Born 1908 in Akron, Ohio, Quine began his philosophical studies at Oberlin
College in his native state. He later studied the foundations of mathematical
logic with Alfred North Whitehead at Harvard University, where Quine himself
became professor of philosophy in 1936. His contributions to the development of
contemporary philosophy often involve subtle modification of the empiricist
traditions of pragmatism and logical positivism. Quine died on Christmas Day
2000.
In "Two Dogmas of Empricism" (1951), for example, Quine criticized excessive
reliance on the analytic/synthetic distinction, maintaining that a whole system
of beliefs must be held up for scrutiny in the light of new experience. The
other papers collected in From a Logical Point of View (1953) amplify on this
suggestion, developing a naturalistic and relativized epistemology. In Word and
Object (1960) Quine proposed the indeterminacy of radical translation, on which
a single sentence must always be taken to have more than one different meaning.

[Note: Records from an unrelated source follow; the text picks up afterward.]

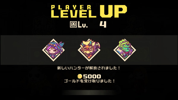 あたりを決めて、プレイヤーレベル25(初期ハンター全開放)になるくらいまでに、Lv.7以上のハンターを3〜4体くらいは育てておけるといいかと思います。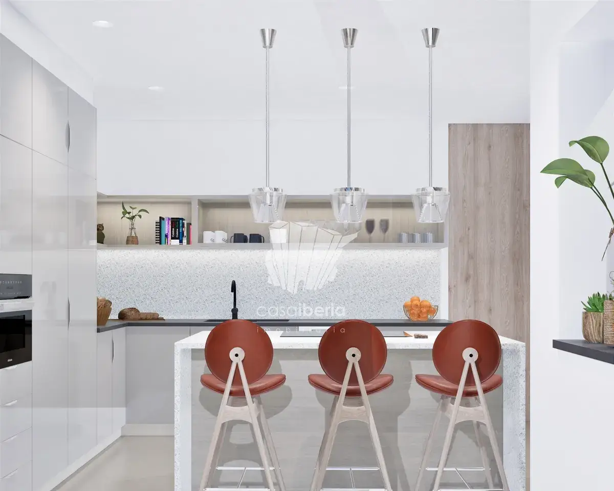 Villa T3+1 in Porto de Mos, Lagos, Algarve This property consists of a plot of land with a villa, garage and pool under construction, in Porto de Mos urbanization, within five minutes drive to the nearest shops, town centre and the beaches. The villa is spread across two levels plus a basement comprising as follows: Ground floor: entry hallway leading to a living area, a dining room, a kitchen, two double bedrooms with en suite bathrooms and a guest's toilet. Top floor: two double bedrooms with en suite bathrooms. The main bedroom has a walk-in closet and a private terrace with over 27 square meters. Basement: A large garage, a laundry and a toilet. The generous outdoor area offers a large terrace for the outdoor living with built-in BBQ and plenty of space for a lounge and dining areas. This extends to the large pool terrace and finally to the surrounding garden. From the living area terrace there is a staircase leading up to a roof terrace equipped with a bar, offering a lovely view of the neighborhood all the way to the sea. Further features include: - Fully fitted kitchen and laundry - Air conditioning system installed - Under floor heating - Central vacuum - Alarm system - Double glazed windows with security laminated glass - Electric window blinds and blackouts This is a fantastic opportunity to purchase a villa built to a high standard, with a combination of classic and contemporary styles, in the high end residential area of Porto de Mos.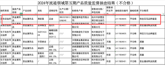 2025年4月,浙江省监管局发布的2024年度产品质量监督抽查情况通告更是拉响了品质警报。通告显示,潮宏基珠宝有限公司生产的“潮宏基”牌贵金属饰品,因“珠宝玉石品种鉴定”项目不合格被点名。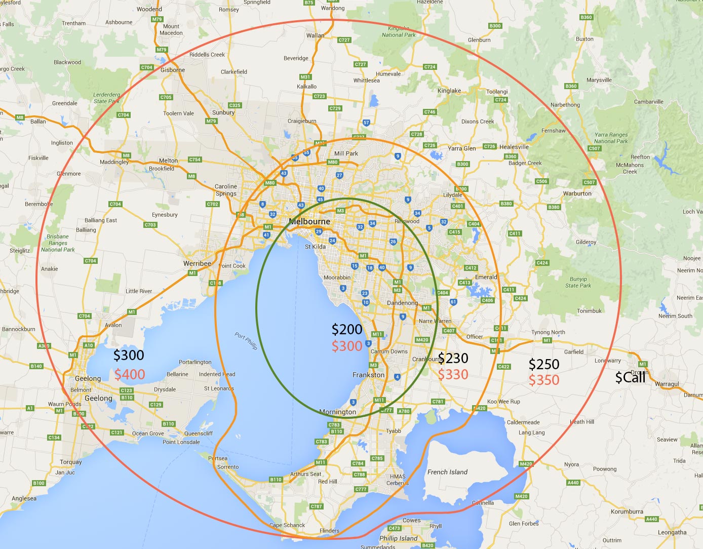 Grand Piano Delivery and Pickup Costs (In Orange) Green zone $300, Orange Zone $330, Red Zone $350-$400.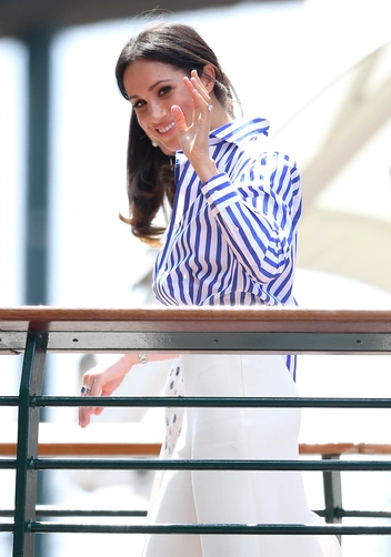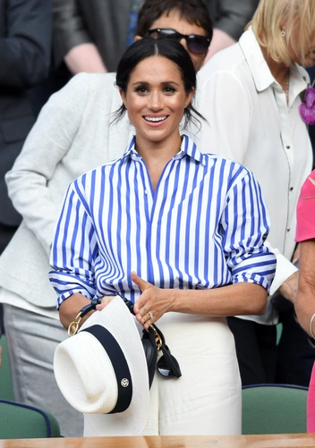 С первого года в королевской семье герцогиня Сассекская решила нарушать модные правила — эта участь коснулась и дресс-кода Уимблдонского турнира. Вместо скромного миди-платья, которые чаще выбирают многие другие VIP-персоны, герцогиня Сассекская заняла свое место в Королевской ложе, одетая в полосатую рубашку, заправленную в широкие белые брюки, и дополнила образ шляпой. Он выглядел сдержанно, но невероятно шикарно — именно то, что мы ожидаем от Ralph Lauren.

Author of the popular textbook Mathematical Logic (1940), Quine also applied the
techniques of formal reasoning in The Ways of Paradox (1966), and Ontological
Relativity (1969), holding that the ontological commitments of any view can be
determined by examining the entities over which a formal language expressing it
is employed to quantify. More recent expositions of Quine's philosophy appear in
The Roots of Reference (1973) and Pursuit of Truth (1990). Although his own
positions are commonly physicalistic, Quine's major contribution to contemporary
American philosophy has been the consistent application of analytic methods.